▶ [ASSIGNED TASK]: Once you find the line with "חולצה בגזרת אוברסייז" in the data below, transcribe exactly each line from there to the line with "1977 Topps Star", inclusive, and nothing else. Drop the pictures.

▶ [EXERCISE INPUT]:
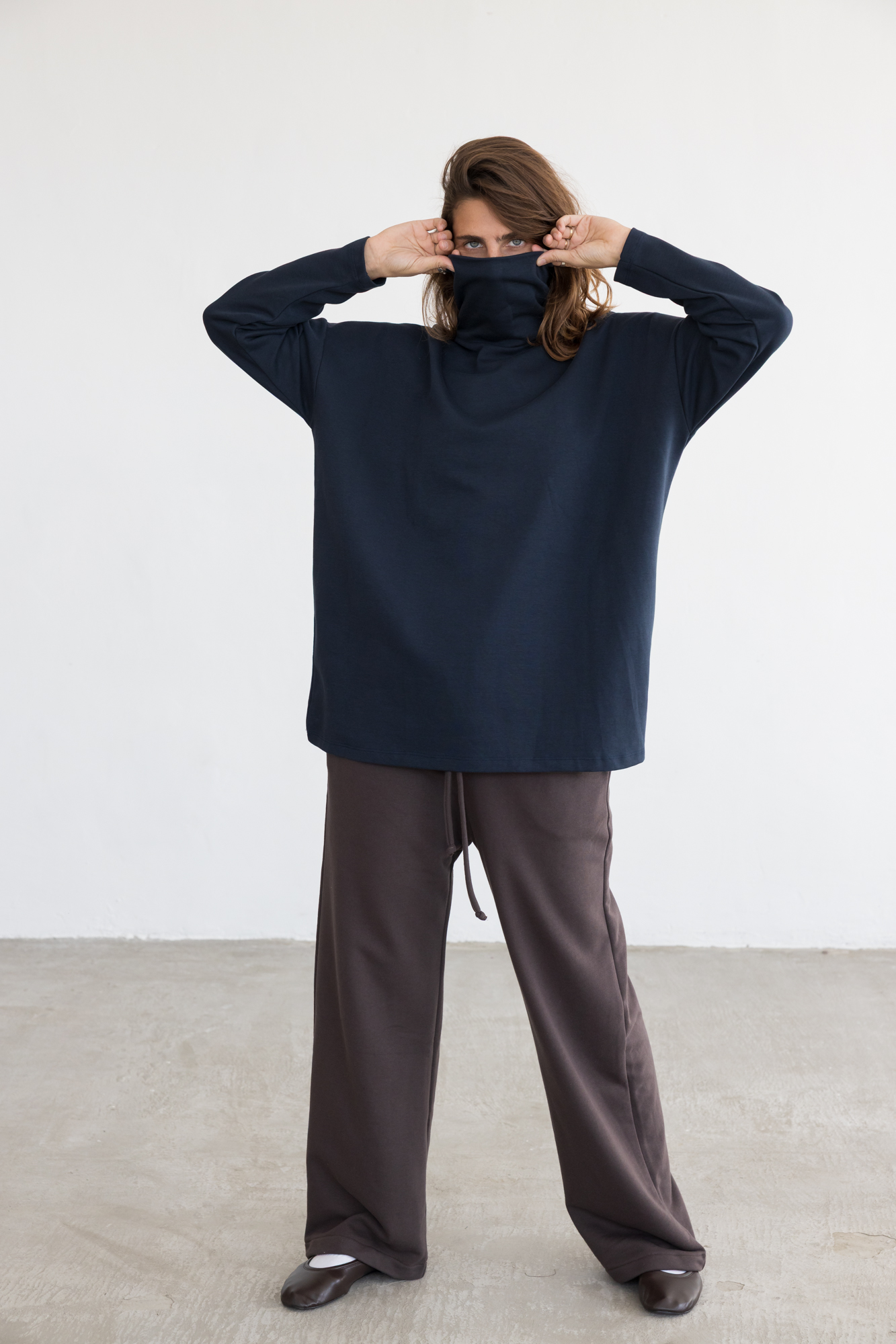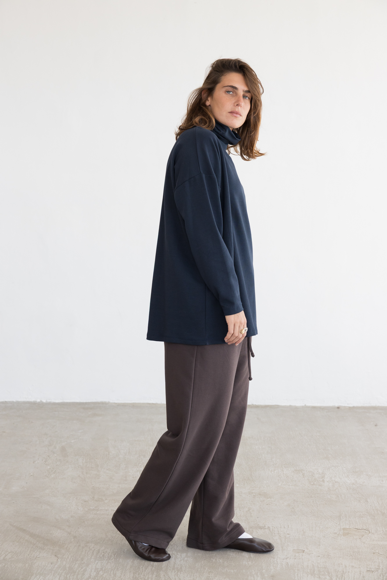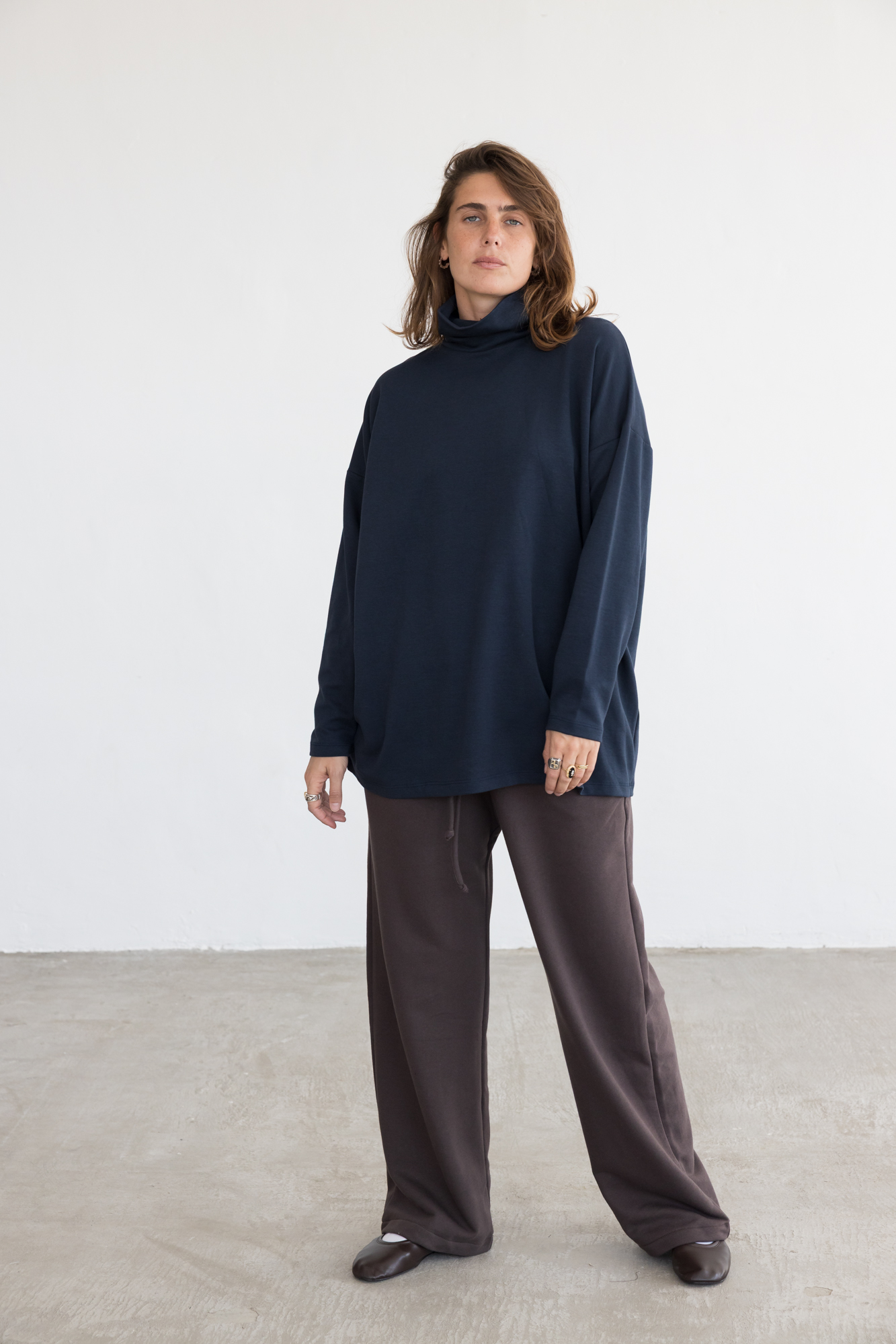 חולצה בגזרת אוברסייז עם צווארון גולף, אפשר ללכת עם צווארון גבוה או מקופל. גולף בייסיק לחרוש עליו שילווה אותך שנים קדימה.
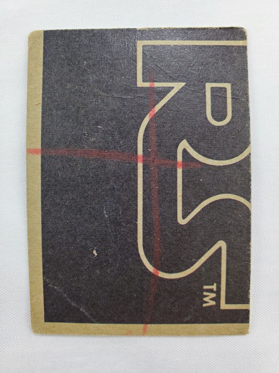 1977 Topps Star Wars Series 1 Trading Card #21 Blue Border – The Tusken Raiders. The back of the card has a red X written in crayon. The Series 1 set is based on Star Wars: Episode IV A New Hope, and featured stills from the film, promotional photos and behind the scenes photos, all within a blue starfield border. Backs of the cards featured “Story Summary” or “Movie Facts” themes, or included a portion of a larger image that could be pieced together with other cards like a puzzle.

...

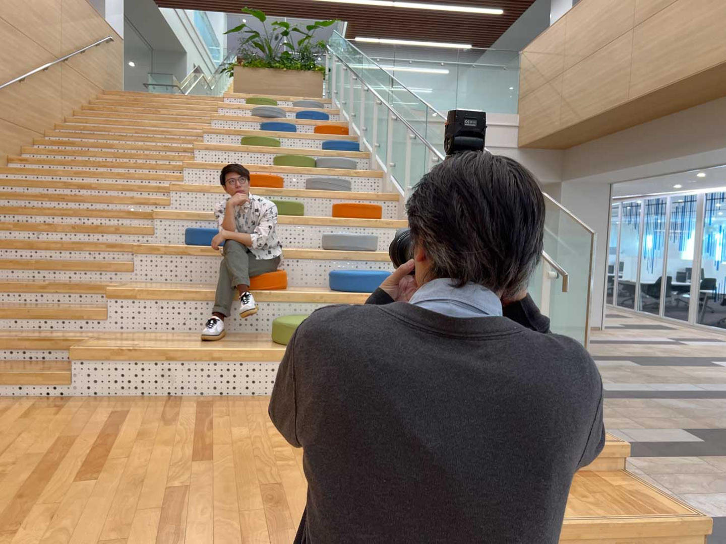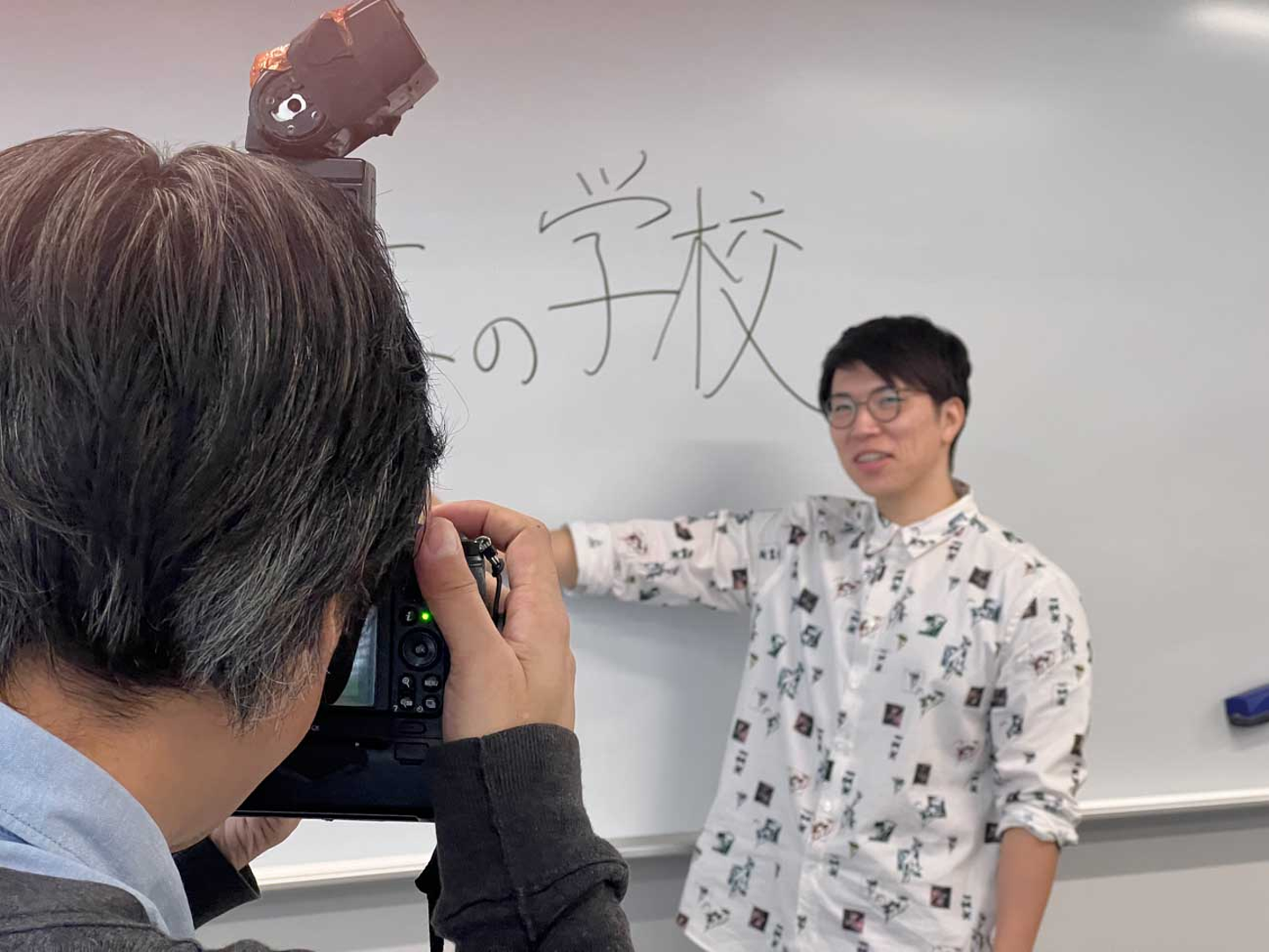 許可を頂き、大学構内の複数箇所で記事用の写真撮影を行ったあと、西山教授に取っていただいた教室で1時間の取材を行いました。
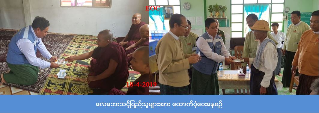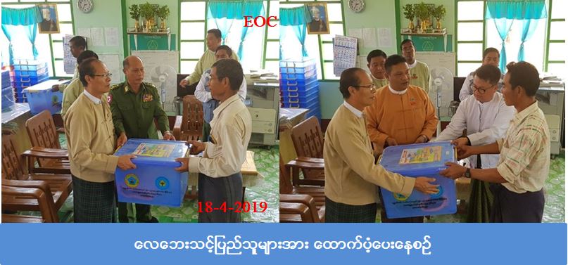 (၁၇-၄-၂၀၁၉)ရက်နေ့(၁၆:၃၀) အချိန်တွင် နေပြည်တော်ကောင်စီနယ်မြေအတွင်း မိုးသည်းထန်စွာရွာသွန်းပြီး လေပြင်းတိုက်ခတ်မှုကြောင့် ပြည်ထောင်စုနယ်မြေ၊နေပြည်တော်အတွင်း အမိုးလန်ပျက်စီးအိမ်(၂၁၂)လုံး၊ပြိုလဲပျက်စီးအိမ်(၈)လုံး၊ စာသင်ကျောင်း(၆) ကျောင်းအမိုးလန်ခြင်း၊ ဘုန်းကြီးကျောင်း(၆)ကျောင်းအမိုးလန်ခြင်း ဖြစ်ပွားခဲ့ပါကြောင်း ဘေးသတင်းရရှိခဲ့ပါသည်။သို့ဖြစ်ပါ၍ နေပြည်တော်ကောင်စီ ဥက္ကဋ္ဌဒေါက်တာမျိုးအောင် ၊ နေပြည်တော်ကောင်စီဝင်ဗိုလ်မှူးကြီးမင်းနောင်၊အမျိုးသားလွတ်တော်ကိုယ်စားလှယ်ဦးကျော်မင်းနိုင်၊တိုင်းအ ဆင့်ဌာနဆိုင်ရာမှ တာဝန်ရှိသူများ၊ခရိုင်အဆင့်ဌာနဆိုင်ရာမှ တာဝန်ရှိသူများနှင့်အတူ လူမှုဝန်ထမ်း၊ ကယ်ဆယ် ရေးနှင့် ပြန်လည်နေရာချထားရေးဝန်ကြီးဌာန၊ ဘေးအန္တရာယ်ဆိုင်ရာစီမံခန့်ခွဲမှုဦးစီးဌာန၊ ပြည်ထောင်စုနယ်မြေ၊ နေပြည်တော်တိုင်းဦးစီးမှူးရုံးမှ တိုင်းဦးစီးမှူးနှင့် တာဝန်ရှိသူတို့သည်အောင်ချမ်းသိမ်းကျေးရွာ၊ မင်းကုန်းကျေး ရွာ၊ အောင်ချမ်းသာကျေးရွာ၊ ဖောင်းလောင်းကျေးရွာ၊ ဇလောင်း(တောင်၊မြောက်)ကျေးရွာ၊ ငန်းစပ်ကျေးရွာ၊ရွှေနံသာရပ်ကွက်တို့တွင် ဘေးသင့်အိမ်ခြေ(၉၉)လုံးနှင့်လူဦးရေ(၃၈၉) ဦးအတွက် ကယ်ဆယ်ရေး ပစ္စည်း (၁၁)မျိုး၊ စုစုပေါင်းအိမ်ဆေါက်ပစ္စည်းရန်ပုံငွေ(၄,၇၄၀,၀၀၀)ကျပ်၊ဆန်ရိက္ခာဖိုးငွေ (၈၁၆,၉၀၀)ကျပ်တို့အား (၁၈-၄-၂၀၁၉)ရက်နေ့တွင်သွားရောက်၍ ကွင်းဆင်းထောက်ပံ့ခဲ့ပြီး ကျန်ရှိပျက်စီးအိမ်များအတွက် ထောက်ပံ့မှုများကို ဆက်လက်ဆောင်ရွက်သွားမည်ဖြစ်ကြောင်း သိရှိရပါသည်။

* * *

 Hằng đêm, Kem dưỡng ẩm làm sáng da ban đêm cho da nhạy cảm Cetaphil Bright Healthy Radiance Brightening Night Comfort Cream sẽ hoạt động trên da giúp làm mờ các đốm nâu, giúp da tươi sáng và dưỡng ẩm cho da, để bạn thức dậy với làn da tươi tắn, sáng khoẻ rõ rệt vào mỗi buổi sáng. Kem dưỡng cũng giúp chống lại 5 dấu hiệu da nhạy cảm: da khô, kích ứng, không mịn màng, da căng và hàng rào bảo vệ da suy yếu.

▶ [RESULT OF THIS EXERCISE]:
 חולצה בגזרת אוברסייז עם צווארון גולף, אפשר ללכת עם צווארון גבוה או מקופל. גולף בייסיק לחרוש עליו שילווה אותך שנים קדימה.
 1977 Topps Star Wars Series 1 Trading Card #21 Blue Border – The Tusken Raiders. The back of the card has a red X written in crayon. The Series 1 set is based on Star Wars: Episode IV A New Hope, and featured stills from the film, promotional photos and behind the scenes photos, all within a blue starfield border. Backs of the cards featured “Story Summary” or “Movie Facts” themes, or included a portion of a larger image that could be pieced together with other cards like a puzzle.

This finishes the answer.